Molecular composites are high-performance materials which are much more economical and easier to process than conventional fiber-polymer composites. In addition, molecular composites can be recycled and are repairable. Molecular composites are composed of polymeric materials only, i.e., they contain no fibers. Such molecular composites can be fabricated much more simply than fiber-polymer composites.
Molecular composites are materials composed of a rigid-rod polymer embedded in a flexible polymer matrix. The rigid-rod polymer, can be thought of as the microscopic equivalent of the fiber in a fiber-polymer composite. Molecular composites with the optimum mechanical properties will contain a large fraction, at least 30 percent, of rigid-rod polymers, with the balance being polymeric binder. Molecular composites may contain either oriented or unoriented rigid-rod polymers.

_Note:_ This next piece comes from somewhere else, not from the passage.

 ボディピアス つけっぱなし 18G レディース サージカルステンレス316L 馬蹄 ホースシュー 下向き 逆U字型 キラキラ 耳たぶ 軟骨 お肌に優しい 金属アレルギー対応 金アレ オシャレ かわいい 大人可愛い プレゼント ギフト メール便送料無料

A molecular composite requires that the rigid-rod polymer be effectively embedded in a flexible, possibly coil-like, matrix resin polymer. The flexible polymer serves to disperse the rigid-rod polymer, preventing bundling of the rigid-rod molecules. As in conventional fiber/resin composites, the flexible polymer in a molecular composite helps to distribute stress along the rigid-rod molecules via elastic deformation of the flexible polymer. Thus, the second, or matrix-resin, polymer must be sufficiently flexible to effectively surround the rigid-rod molecules while still being able to stretch upon stress. The flexible and rigid-rod polymers can also interact strongly via Van der Waals, hydrogen bonding, or ionic interactions. The advantages of molecular composites can only be realized with the use of rigid-rod polymers.
Most of the linear polymers produced commercially today are coil-like polymers. The chemical structure of the polymer chain allows conformational and rotational motion along the chain so that the entire chain can flex and adopt coil-like structures. This microscopic property relates directly to the macroscopic properties of flexural strength, flexural moduli, and stiffness. If fewer or less extensive conformational changes are possible, a stiffer polymer will result.

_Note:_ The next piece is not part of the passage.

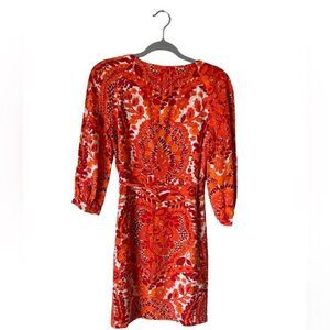 Trina Turk Orange Mini Dress Floral Print Blouse Size 0

Two technical difficulties have limited molecular composites to laboratory curiosities. Firstly, the prior art relating to molecular composites calls for merely blending or mixing a rigid-rod polymer with a flexible polymer. It is well known in the art, however, that, in general, polymers of differing types do not mix. That is, homogeneous single phase blends cannot be obtained. This rule also applies to rigid-rod polymers and, thus, the early molecular composites could be made with only small weight fractions of a rigid-rod component. In these systems, an increase in the fraction of the rigid-rod component led to phase separation, at which point a molecular composite could no longer be obtained.
The second technical difficulty is that rigid-rod polymers of significant molecular weight are exceedingly difficult to prepare. The technical problem is exemplified by the rigid-rod polymer, polyparaphenylene. During the polymerization of benzene, or other monomer leading to polyparaphenylene, the growing polymer chain becomes decreasingly soluble and precipitates from solution causing the polymerization to cease. This occurs after the chain has grown to a length of only six to ten monomer units. These oligomers, i.e., rigid-rod polymers, are too short to contribute to the strength of a composite. A lack of solubility is a general property of rigid-rod polymers, hence, synthesis of all such rigid-rod polymers is difficult.

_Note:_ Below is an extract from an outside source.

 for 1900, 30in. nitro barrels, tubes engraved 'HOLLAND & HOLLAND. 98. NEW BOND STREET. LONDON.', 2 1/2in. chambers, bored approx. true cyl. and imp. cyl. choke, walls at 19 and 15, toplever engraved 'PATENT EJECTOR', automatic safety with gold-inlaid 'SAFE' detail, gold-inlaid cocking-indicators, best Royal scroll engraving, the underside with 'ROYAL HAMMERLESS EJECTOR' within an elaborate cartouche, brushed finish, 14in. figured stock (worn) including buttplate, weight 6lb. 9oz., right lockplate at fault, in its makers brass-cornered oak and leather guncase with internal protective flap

The solubility problem may be avoided in the special case in which the product polymer contains basic groups which can be protonated in strong acid and the polymerization can be conducted in strong acid. For example, rigid-rod polyquinoline can be prepared in the acidic solvent system dicresylhydrogenphosphate/m-cresol, because the quinoline group interacts with the acidic solvent, preventing precipitation. However, the resulting polymers are soluble only in strong acids, making further processing difficult.
Before molecular composites can become a practical reality, the problems of (a) blending the rigid-rod and flexible components into a stable homogeneous phase, and (b) the low solubility of the polymer, must be overcome.